Empathy is feeling with compassion is feeling with, and then taking action. So that’s just the bifurcation there. So leading with compassion is I’m going to lead from a place of seeing and feeling with my employees experience if they bring something difficult to me, or if there’s something happening within the organization, what have you.

And then I’m going to take some kind of action because I’m a leader, right? So how could we not lead with compassion? Part of leadership is to take action. How we prepare ourselves for that compassionate leadership is we use our intellect. don’t necessarily always use our bodies. We use our intuition and we use our intellect.

[00:37:04] Carolyn: Mm hmm.

[00:37:05] Kelly: And part of that is asking a series of questions. What does this employee need at this time? What is the business need? And what do I need? Right, so when we run these things through these series of questions, we come out with an answer as to like, what is that action that I’m going to take? What is appropriate here?

Right? One of the examples that I use in the book is if you have an employee who’s struggling with drug addiction, that employee comes to you. And says, Hey, this is what, you know, I’m struggling with, you’re not going to dip into your kid’s college fund and put that person into an inpatient program. That would be out of alignment with, I mean, lots of HIPAA issues and things like that, but, but that would be out of alignment with the action that you would take, right?

That wouldn’t be good for you. That wouldn’t be good for the organization. There’d be a whole liability thing. So we have to be strategic. And we have to show support in intelligent ways, right? One of the, one of the chapters is actually compassionate intelligence, because there are so many leaders, especially people pleasing leaders that would lean in to a disproportionate degree.

And I wanted to make sure that it was very clear, you know, what I was proposing here.

[00:38:21] Carolyn: Well, and I like that blend of compassionate intelligence, um, because I hear a head, yes, definitely head, but I also hear head and heart in that, like, what are those questions I need to ask? And maybe the body isn’t the right indicator here, but I’m going to come back to physiologically physiologically.

Physiologically, it’s hard to tolerate vulnerability. if we haven’t done our own healing. And I think that was, that was, um, a really, I think that’s an important piece of the conversation as these leaders get further into embracing these principles. There is a physiological, um, impact on this, and this is where resourcing comes in and learning how to, um, regulate, like we can throw all these terms, but at the end of the day, how are we filling up our tank? Yeah.
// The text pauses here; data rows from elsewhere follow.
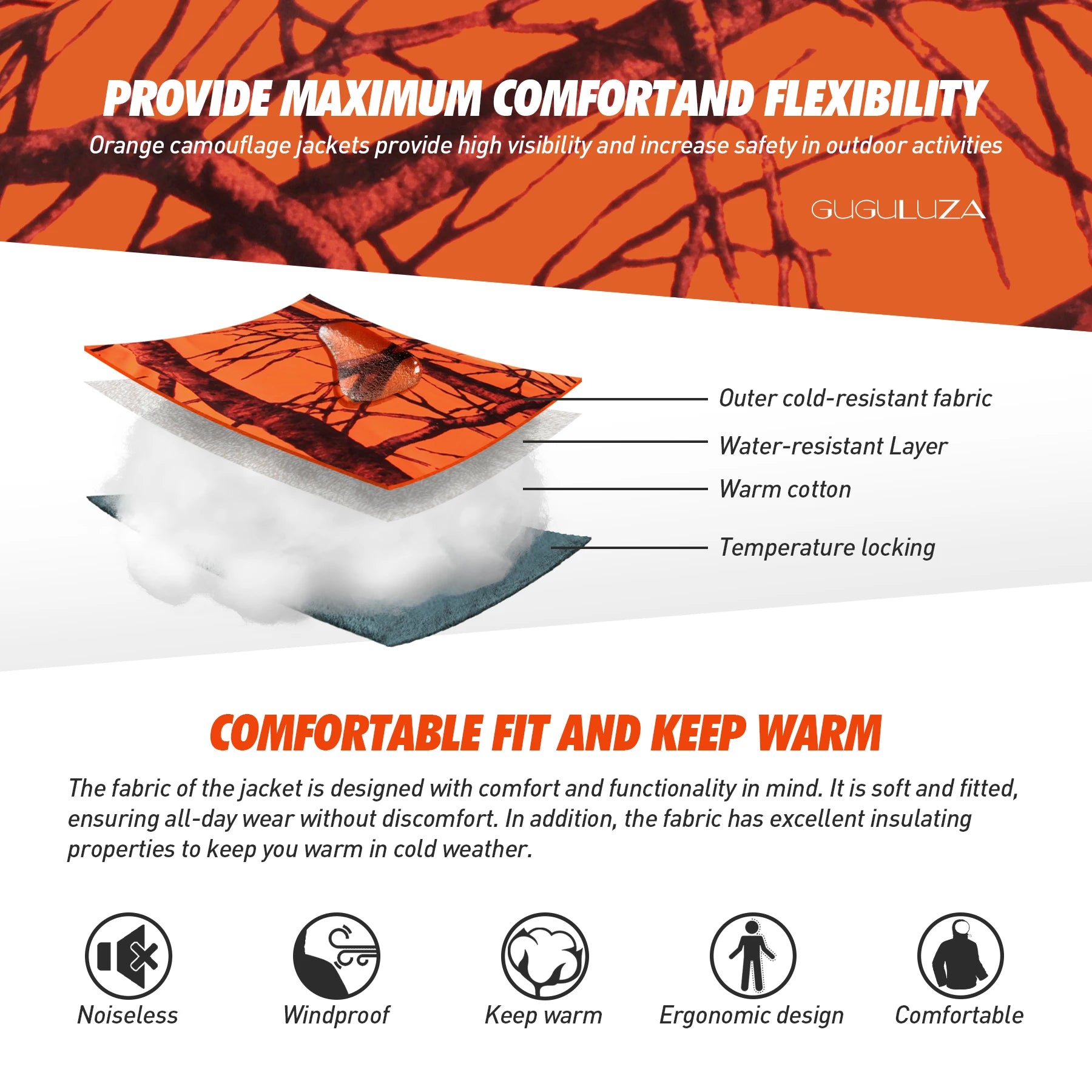 The camouflage outer fabric is windproof, the fleece lining blocks cold air, and the lining is breathable; the three-layer fabric helps keep your body warm and comfortable.
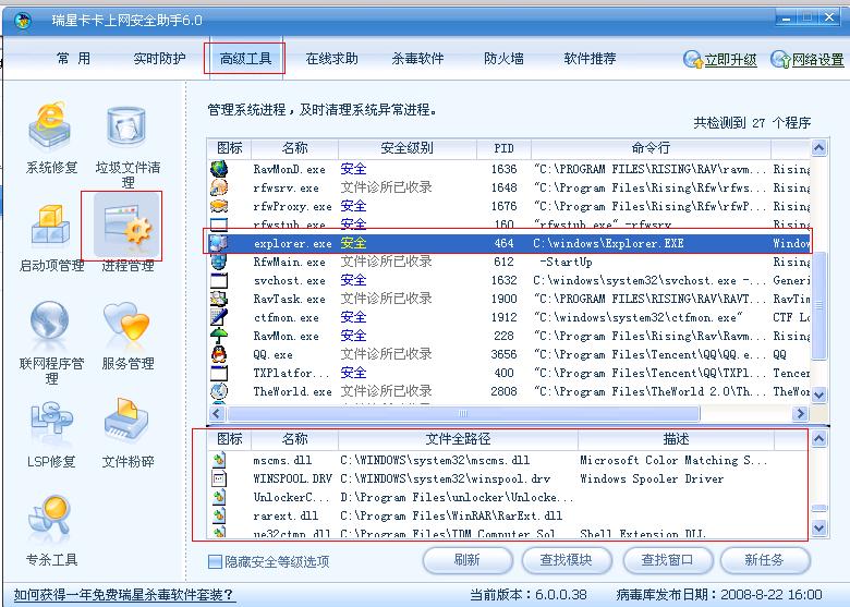 用卡卡助手查找注入的DLL或扫SRENG日志
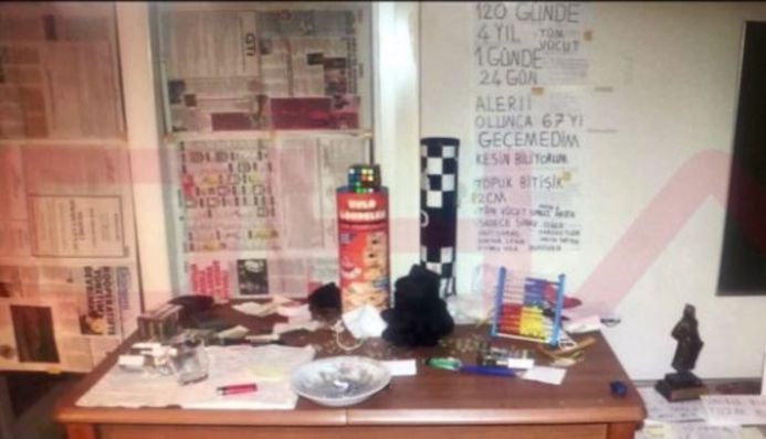 Evin oturma odasında duvarlara yapıştırılan A4 kağıtlarındaki yazılar ile masanın üzerindeki satranç, abaküs ve rubik küp gibi çok sayıda oyun aleti dikkat çekti.
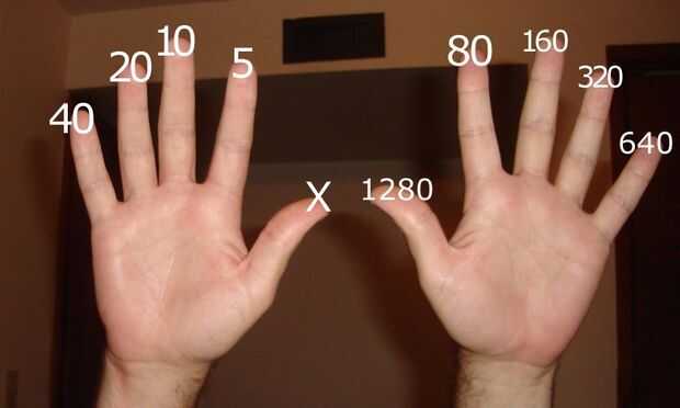 Por lo tanto, para empezar, todos los dedos están hacia abajo; Esto es cero. Toque el dedo pulgar a los dedos puntero, acemite, anillo y pinky para contar 1, 2, 3, 4. A continuación, hacer por lo que el pulgar no es tocar cualquier dedos y hacia arriba el dedo indicador para conseguir cinco. El pulgar toca otra vez a contar hasta 6, 7, 8, 9 y luego el dedo puntero hacia abajo y el dedo medio hasta obtener diez. El pulgar toca otra vez a los 14, entonces tiene su puntero y dedo medio hasta obtener 15. Continúe haciendo esto, hasta que todos los dedos hacia arriba y el dedo pulgar tocando su pinky, por un valor de 2559.
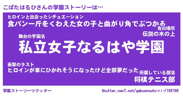 | 女子向けラノベタイトル風あだ名 | 『こばたはるひ姫と円卓の騎士』 |
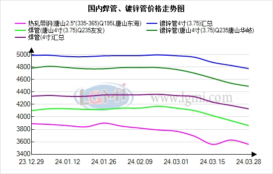 28日国内焊镀管市场价格普遍小幅下跌。据兰格钢铁云商平台监测数据显示,国内重点城市,4寸*3.5mm镀锌管平均报价4773元,较上一交易日跌29元;焊管平均报价4128元,较上一交易日跌27元。
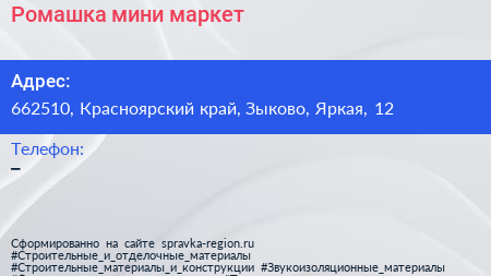 Ромашка, мини-маркет по адресу 662510, Красноярский край, Зыково, Яркая, 12 в дальнейшем Организация, размещена в следующих категориях:
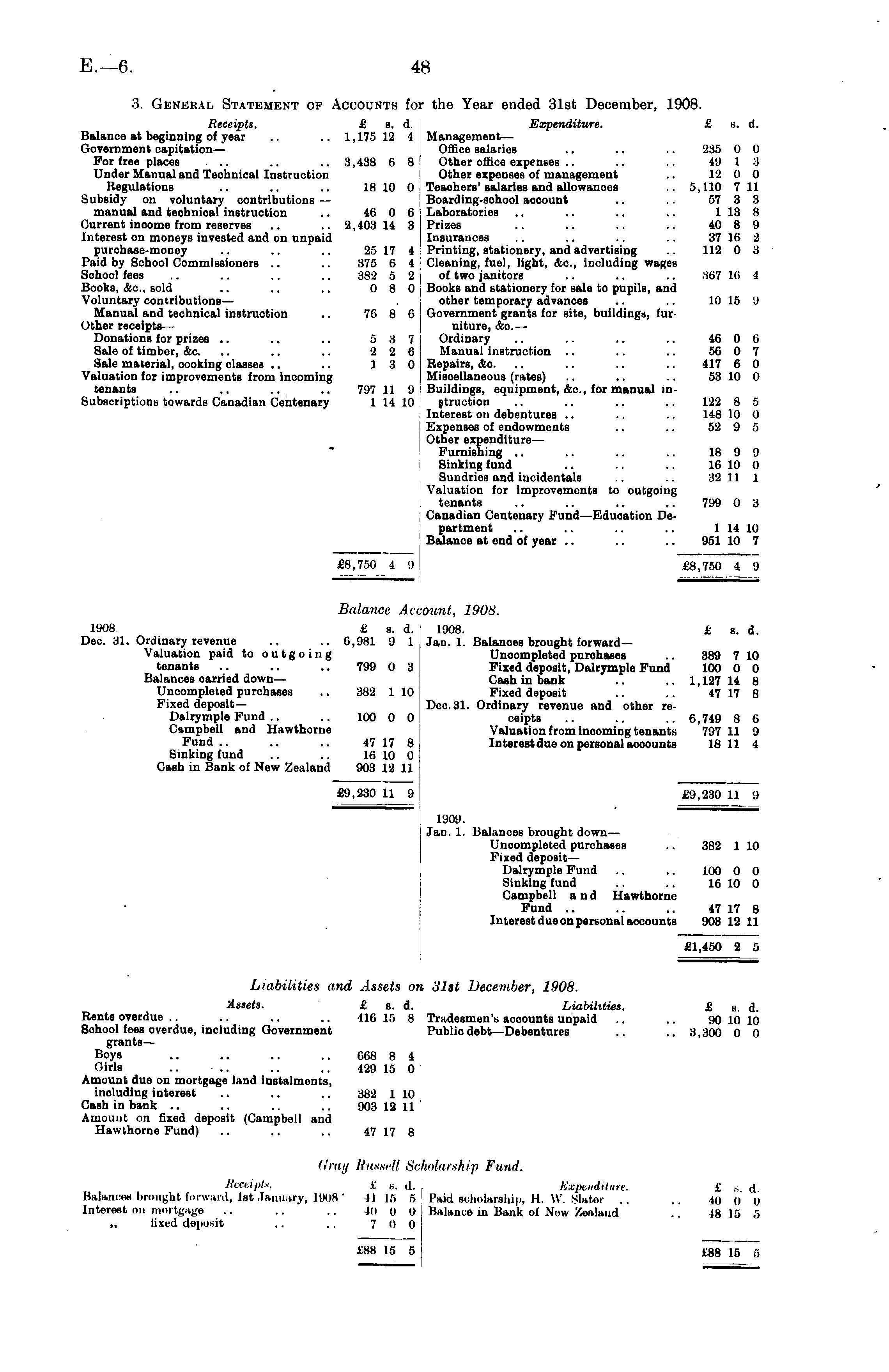 3. General Statement op Accounts for the Year ended 31st December, 1908. Receipts. £ a. A. Expenditure. £ s. d. Balance at beginning of year .. .. 1,175 12 4 Management— Government capitation— Office salaries .. .. 235 0 0 For free places .. .. .. 3,438 6 8 Other office expenses .. .. 4'J 1 3 Under Manual and Technical Instruction Other expenses of management .. 12 0 0 Regulations .. .. .. 18 10 0 Teachers'salaries and allowances 5,110 7 11 Subsidy on voluntary contributions — Boarding-sohool aocount .. .. 57 3 3 manual and teohnioal instruction .. 46 0 6 Laboratories .. .. .. 1 13 8 Current inoome from reserves .. .. 2,403 14 3 Prizes .. .. .. .. 40 8 9 Interest on moneys invested and on unpaid j Insurances .. .. .. .. 37 16 2 purchase-money .. .. .. 25 17 4 Printing, stationery, and advertising .. 112 0 3 Paid by School Commissioners .. .. 375 6 4 Cleaning, fuel, light, &c, including wages School fees .. .. .. .. 382 5 2 of two janitors .. .. .. 367 16 4 Books, ifcc, sold .. .. .. 0 8 0 Books and stationery for sale to pupils, and Voluntary contributions— . other temporary advances .. .. 10 15 'J Manual and technical instruction .. 76 8 6 ; Government grants for site, buildings, furOther receipts— niture, &o. — Donations for prizes .. .. .. 5 3 7 Ordinary .. .. .. .. 46 0 6 Sale of timber, &c. .. .. .. 2 2 6 Manual instruction .. .. .. 56 0 7 Sale material, cooking classes .. .. 13 0 Repairs, &c. .. .. .. .. 417 6 0 Valuation for improvements from incoming Miscellaneous (rates) .. .. 53 10 0 tenants .. .. .. .. 797 11 9 Buildings, equipment, &c, for manual mSubscriptions towards Canadian Centenary 1 14 10 struction .. .. .. .. 122 8 5 Interest on debentures .. .. 148 10 v Expenses of endowments .. .. 52 9 5 Other expenditure— Furnishing .. .. .. .. 18 9 'J Sinking fund .. 16 10 0 Sundries and incidentals .. .. 32 11 1 Valuation for improvements to outgoing tenants .. .. .. .. 799 0 3 Canadian Centenary Fund—Eduoation Department .. .. .. .. 114 10 Balance at end of year .. .. 951 10 7 £8,750 I 9 £8,750 4 9 Balance Account, 1908. 1908 £ s. d. ; 1908. £ s. d. Dec. 31. Ordinary revenue .. .. 6,981 9 1 Jan. 1. Balances brought forwardValuation paid to outgoing Uncompleted purohases .. 389 7 10 tenants .. .. .. 799 0 3 Fixed deposit, Dalrymple Fund 100 0 0 Balances carried down— Cash in bank .. .. 1,127 14 8 Uncompleted purchases .. 382 1 10 Fixed deposit 47 17 8 Fixed deposit— I Deo. 31. Ordinary revenue and other reDalrymple Fund .. .. 100 0 0 ! ceipts .. .. 6,749 8 6 Campbell and Hawthorne Valuation from incoming tenants 797 11 9 Fund .. .. .. 47 17 8 Interest due on personal accounts 18 11 4 Sinking fund .. .. 16 10 0 Cash in Bank of New Zealand 903 12 11 £9,230 11 9 £9,230 11 9 1909. Jan. 1. Balances brought down— Uncompleted purchases .. 382 110 Fixed deposit— Dalrymple Fund .. 100 0 0 Sinking fund .. .. 16 10 0 Campbell and Hawthorne Fund .. .. .. 47 17 8 Interest due on personal accounts 903 12 11 £1,450 2 5 Liabilities and Assets on 31st December, 1908. Assets. £ s. d. Liabilities. £ s. d. Rents overdue .. .. .. .. 416 15 8 Tradesmen's accounts unpaid .. .. 90 10 10 School fees overdue, including Government Public debt—Debentures .. .. 3,300 0 0 grants— Boys .. .. .. .. 668 8 4 Girls .. .. .. .. 429 15 0 Amount due on mortgage land Instalments, inoluding interest .. .. .. 382 1 10 Cash in bank .. .. .. .. 903 12 11 Amount on fixed deposit (Campbell and Hawthorne Fund) .. .. .. 47 17 8 Gray Hassell Scholarship Final. Receipts. I s. d. Expenditure. f. „. d, Balain-iis brought forward, Ist January, 1908' 41 l, r > S Paid scholarship, H. W. slater .. .. 40 on Interest on mortgage .. .. .. In o o Balance in Bank of New Zealand .. 48 15 E „ lixcil deposit .. .. 7 0 0 SBB 15 5 £88 15 C
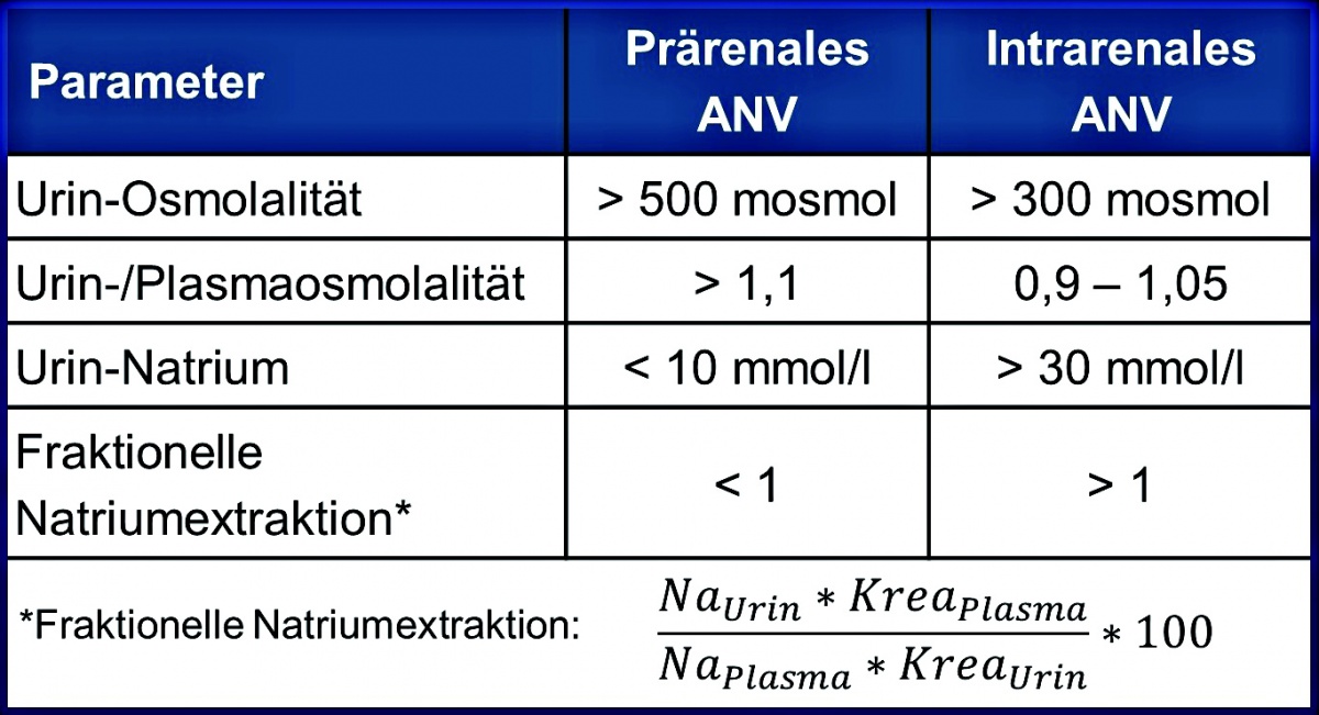 Eine Differenzierung zwischen prärenalem und intrarenalem ANV ist u.a. laborchemisch möglich (Tabelle 2) .

[00:39:12] Kelly: Yeah, I think it’s, it is good to go back to the physiology, right? Because I think you’re right. When there is compassion that needs to come online, a leader who is not well resourced Is going to feel really blown out by receiving that news and receiving that information. They’re going to do a lot of emotional labor to try to figure out how do I solve this?

Or like, do I even need to get involved with this? What is the line here? And so you can hear just even in my voice as I’m. Uh, sort of mimicking or demonstrating what that leader might be going through. I don’t seem grounded, right? I seem very shakable.

[00:39:54] Carolyn: Mm hmm.

[00:39:54] Kelly: And so the more that I do minor work, the more that I can understand myself, what my role is.

In these situations, um, the better I’m going to be able to show up in a, in a way that other people, particularly my, particularly my employees are going to feel like I’m reliable. Right and so that’s really what it is people. I think that here’s another myth buster leaders, some leaders, many leaders have this idea that they need to have all of the answers.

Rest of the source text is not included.